En 2003, le chef d’orchestre américain David Stern fondait à Paris une compagnie lyrique sur instruments d’époque avec pour objectif la formation des jeunes chanteurs. Deux décennies et cinq générations de solistes plus tard, Opera Fuoco compte parmi ses rangs quelques-unes de nos plus grandes voix. Qu’est-ce qu’on attend pour faire la fête ?
Avec le Théâtre des Champs-Elysées comme gâteau d’anniversaire, une soirée de gala invite certains de ces artistes à souffler les vingt bougies. Le programme, généreux, balaye plus d’un siècle de répertoire, de l’aurore baroque aux derniers feux du romantisme. Las, il est des soirées où rien ne se passe comme on le voudrait. Victimes du refroidissement soudain des températures, Adèle Charvet et Vannina Santoni ont jeté l’éponge. Dans l’ouverture de la rare Arianna de Marcello, qui amorce les festivités, cors et trompettes sont également enroués, et c’est l’orchestre entier qui tousse.
Il faut pour dégripper la salle l’ardeur d’Axelle Fanyo, dont les couleurs ambrées laissent planer le doute sur la tessiture – mezzo ou soprano ? – avant que l’éclat fulgurant de l’aigu n’apporte la réponse. Les vocalises d’Oralia dans Orpheus de Telemann sont crânement affrontées – car cette voix que l’on pourrait penser lourde au premier abord a de la souplesse à revendre –, tout comme plus tard les registres de « Come scoglio » sont aisément enjambés. Mais est-ce vraiment Fiordiligi cherchant à dissimuler sous des airs bravaches la fragilité de ses sentiments, ou une reine outragée qui livre un terrible combat ? L’expression s’immole sur l’autel de la performance vocale. Là se trouve la limite de l’exercice – limite qui s’étend à l’ensemble de ses partenaires, ou presque. La succession des numéros n’aide pas à la caractérisation.

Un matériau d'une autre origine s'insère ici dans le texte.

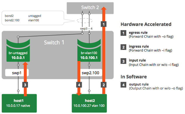 iptablesand the switch silicon process packets. The switch silicon reorders rules whenswitchdwrites to the ASIC, whereas traditionaliptablesexecute the list of rules in order. -
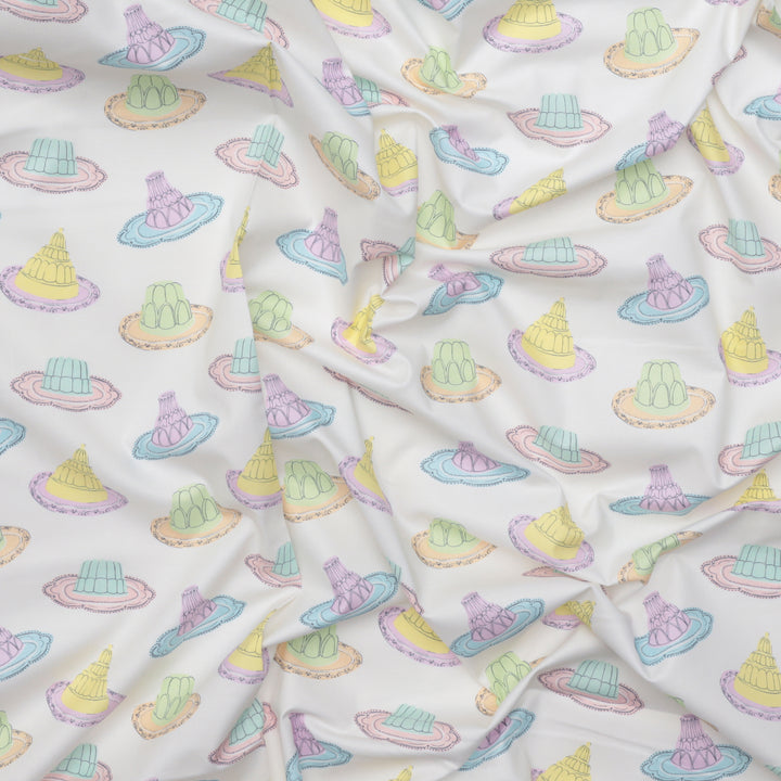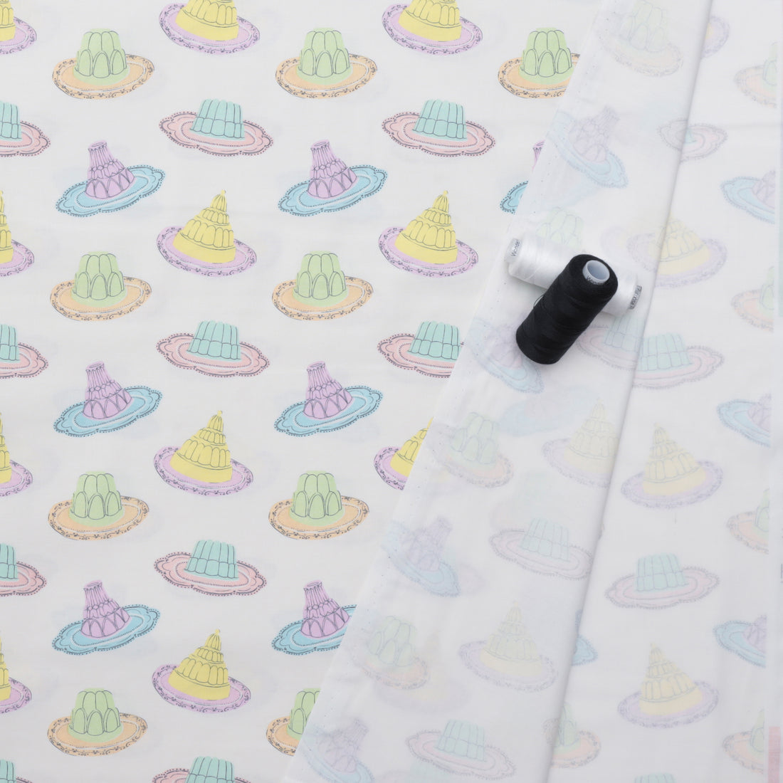 This fun and stylish Paintbrush Studio Cotton fabric is the perfect way to add some color with some jello treats on the frame! The white background showcases delicious jello treats in lovely light shades of green, blue, orange, pink , and purple. A perfect pairing for your next project. Jello there!

Privée d’intentions dramatiques, « Che fai, », la grande scène de Berenice chantée par Natalie Pérez paraît encore plus longue qu’elle ne l’est. « Qui la voce », initialement dévolu à Vannina Santoni, repéché par la jeune soprano ukrainienne Iryna Kyshliaruk, inévitablement intimidée, se transmute en rengaine lorsqu’il n’est pas habité d’un feu sacré – et d’une science du chant qui sache en renouveler les effets. Que vaut « V’adoro pupille », même tracé d’une ligne appliquée par Chantal Santon-Jeffery, s’il n’est paré des atours de la séduction – et d’un trille digne de ce nom ? En deuxième partie, la romance de Zelinska voudrait plus d’italianité pour faire valoir sa parenté avec « una volta c’era un re » de la Cenerentola rossienne – qui lui est postérieure d’une dizaine d’années. Ténor à la prononciation française irréprochable, dans la droite ligne de ses illustres aînés, Benjamin Bernheim, Roberto Alagna – et au-delà Georges Thill –, Léo Vermot-Desroches doit encore adoucir son aigu pour que le soleil se lève radieux dans la romance de Roméo. Et que dire des jeunes chanteurs d’Opera Fuoco, dont le nom n’est pas cité dans le programme, astreint à un périlleux jeu de relais dans un finale des Noces encore hors de portée, auquel l’arrivée impromptue de Laurent Naouri apporte une insuffisante fantaisie.
Restent en dépit de légers défauts d’intonation « D’Oreste et d’Aiace » drapé dans une soie moirée, dardé d’aigus lumineux par Cyrielle Ndjiki Nya, et chacune des interventions de Karine Deshayes, marraine de la soirée, dont rien ne semble pouvoir venir à bout de la technique et de l’engagement, ni l’agitation haletante de « Dopo notte » ajouté in extremis à son programme en remplacement d’Adèle Charvet, ni la détermination de Rosine, ni la fougue du Roméo bellinien. Virtuosité et musicalité ne sont pas étalées comme à la parade mais placées chaque fois au service des personnages et situations interprétés. Un exemple à suivre pour les chanteurs des générations présentes et futures d’Opera Fuoco et d’ailleurs.